Clinical studies for new drugs and vaccines, including the recent trials that led to the approval of COVID-19 vaccines, generally exclude women who are pregnant or lactating. For that reason, little is known about how hormonal changes affect drug pharmacokinetics and pharmacodynamics.
The National Institutes of Health (NIH) is supporting new efforts to address the shortage of research in this area. A team from Brigham and Women’s Hospital recently received two grants, which together total over $4.2 million, to look at various aspects of this connection. One grant is focused on drug metabolism and transport in pregnant and lactating women. The other is looking at predictors of HIV risk in women of reproductive age, a related area of research that also traditionally has been underfunded. Both are studying the role of noncoding microRNAs and how they lead to epigenetic changes in the body.
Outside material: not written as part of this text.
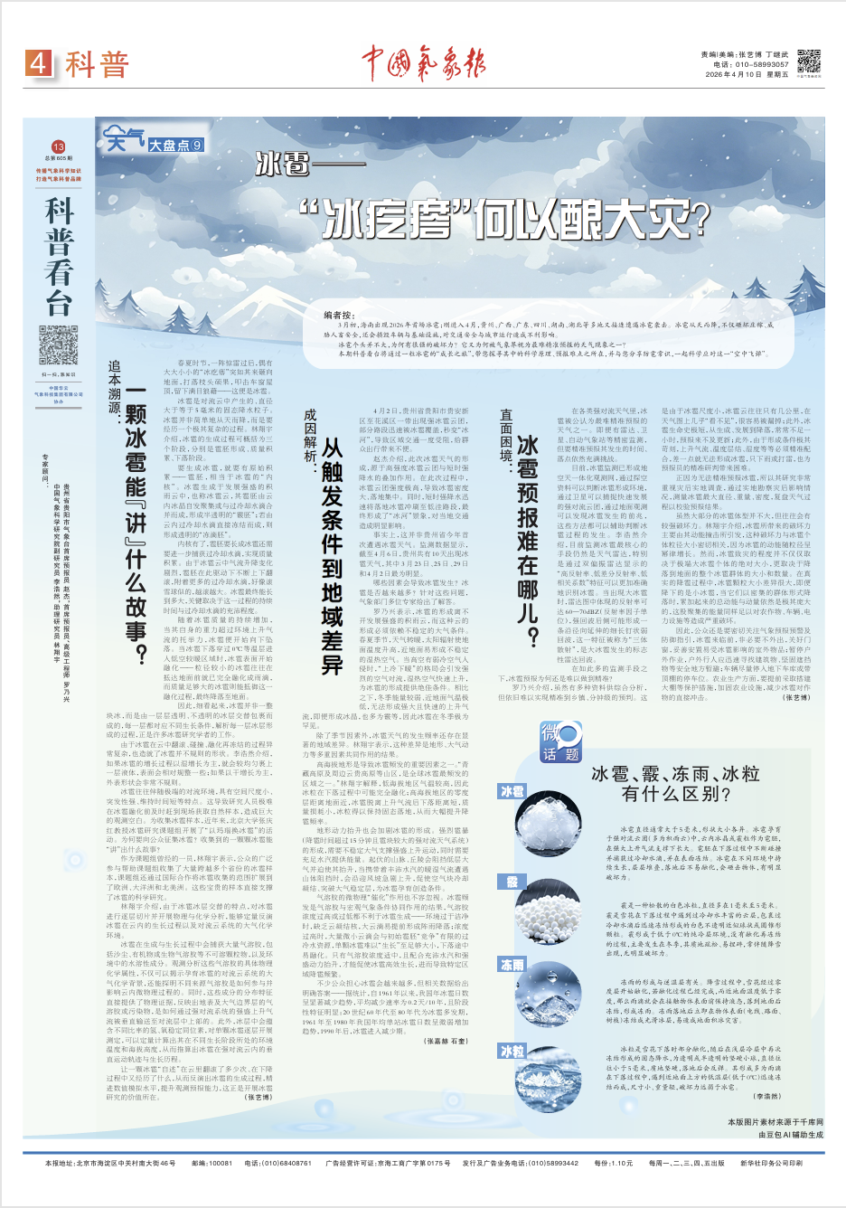 春夏时节,一阵惊雷过后,偶有大大小小的“冰疙瘩”突如其来砸向地面,打落枝头硕果,叩击车窗屋顶,留下满目狼藉——这便是冰雹。

“There is a huge gap in knowledge, and the NIH has recognized the importance of shedding light on these topics,” said Raina Fichorova, MD, PhD, director of the Laboratory of Genital Tract Biology at the Brigham and Harvard University, who is leading the projects related to these grants. “Our group has a lot to contribute, because we already have a huge cohort of specimens that have been collected as part of our earlier work.”
The team has hundreds of samples from women’s health clinics in Zimbabwe and Uganda as well as clinics in the United States. Fichorova’s group has received approval for secondary use of the biospecimens, which include serum, vaginal and cervical samples collected in different stages of pregnancy and lactation as well as at different parts of the menstrual cycle.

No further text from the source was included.